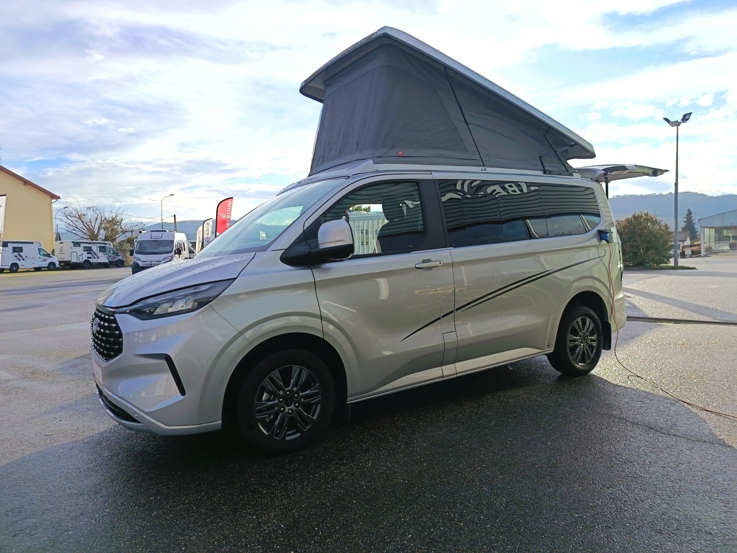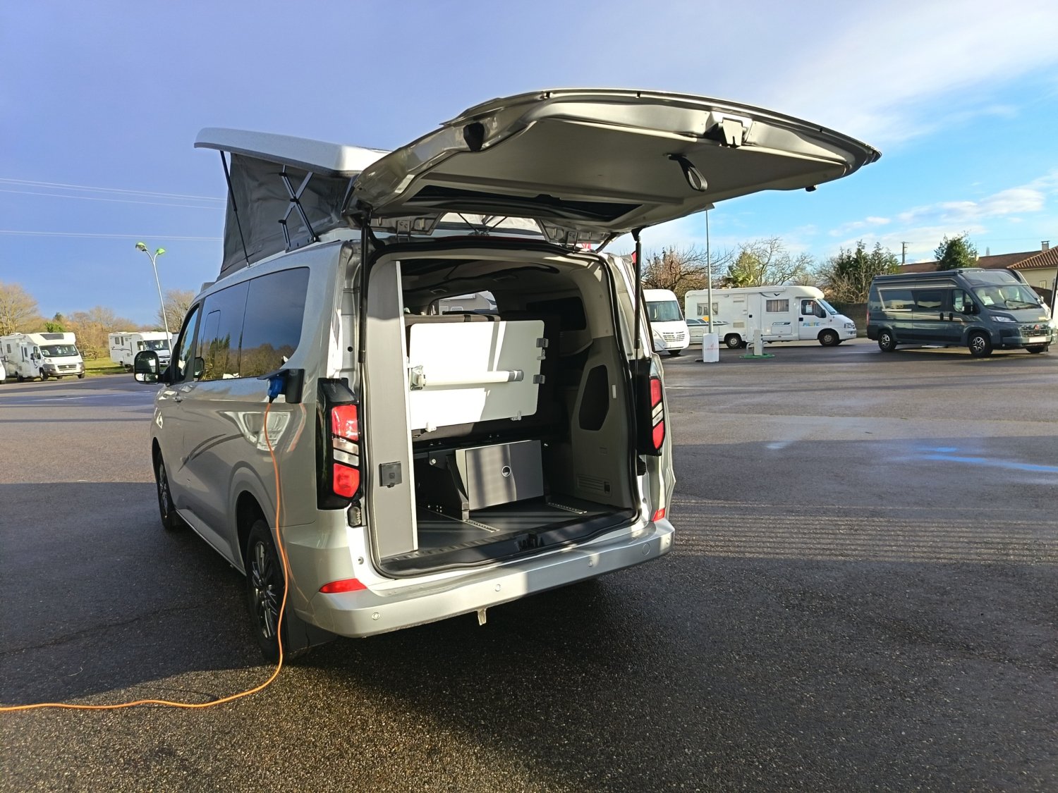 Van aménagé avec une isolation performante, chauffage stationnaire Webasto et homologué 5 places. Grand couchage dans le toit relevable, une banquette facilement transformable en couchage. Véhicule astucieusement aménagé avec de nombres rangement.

...

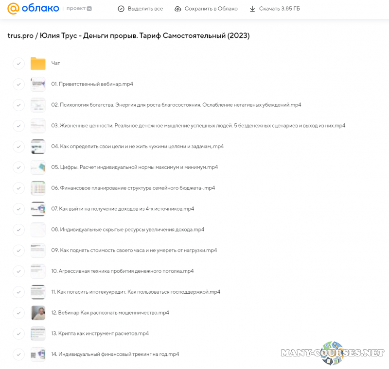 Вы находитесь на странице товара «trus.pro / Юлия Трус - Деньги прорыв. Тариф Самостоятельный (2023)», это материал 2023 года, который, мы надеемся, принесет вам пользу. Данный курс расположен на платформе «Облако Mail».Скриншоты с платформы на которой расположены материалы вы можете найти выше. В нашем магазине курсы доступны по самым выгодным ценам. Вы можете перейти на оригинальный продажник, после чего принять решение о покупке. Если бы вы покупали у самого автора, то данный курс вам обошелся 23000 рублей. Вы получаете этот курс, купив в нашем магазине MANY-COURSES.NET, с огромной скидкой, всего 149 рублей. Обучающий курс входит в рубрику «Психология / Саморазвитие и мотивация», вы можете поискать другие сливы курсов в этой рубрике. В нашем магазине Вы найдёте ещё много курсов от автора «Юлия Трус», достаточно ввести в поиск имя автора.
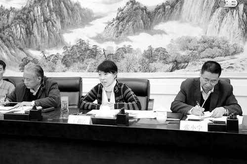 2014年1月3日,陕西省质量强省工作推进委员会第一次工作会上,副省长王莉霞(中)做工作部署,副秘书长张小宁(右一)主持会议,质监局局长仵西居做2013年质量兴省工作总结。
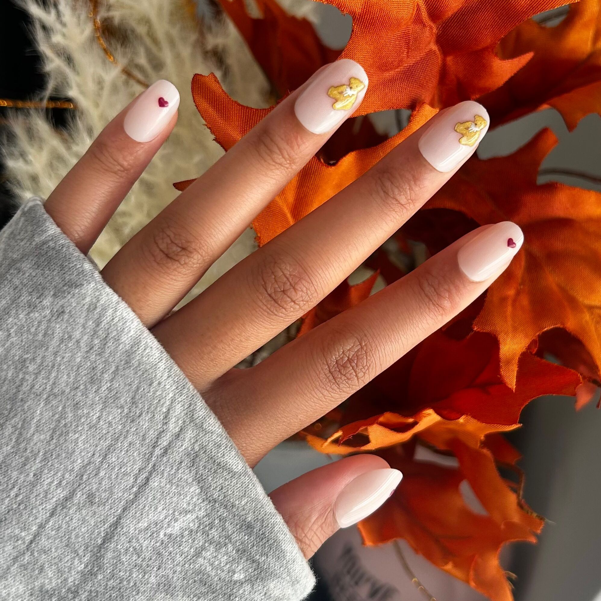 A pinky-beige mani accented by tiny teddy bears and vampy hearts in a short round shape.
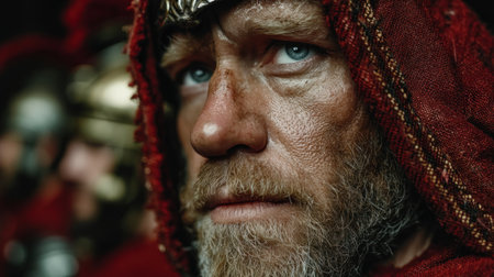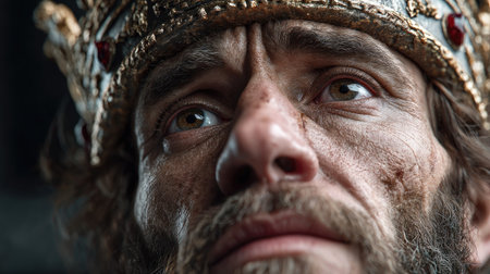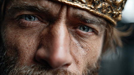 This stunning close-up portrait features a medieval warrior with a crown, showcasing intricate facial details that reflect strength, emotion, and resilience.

### Try it
What do the entries above read from the line containing "2014年1月3日,陕西省质" through the line containing "This stunning close-up"? Output those lines exactly, both ends included, with the pictures left out.

### Your solution
 2014年1月3日,陕西省质量强省工作推进委员会第一次工作会上,副省长王莉霞(中)做工作部署,副秘书长张小宁(右一)主持会议,质监局局长仵西居做2013年质量兴省工作总结。
 A pinky-beige mani accented by tiny teddy bears and vampy hearts in a short round shape.
 This stunning close-up portrait features a medieval warrior with a crown, showcasing intricate facial details that reflect strength, emotion, and resilience.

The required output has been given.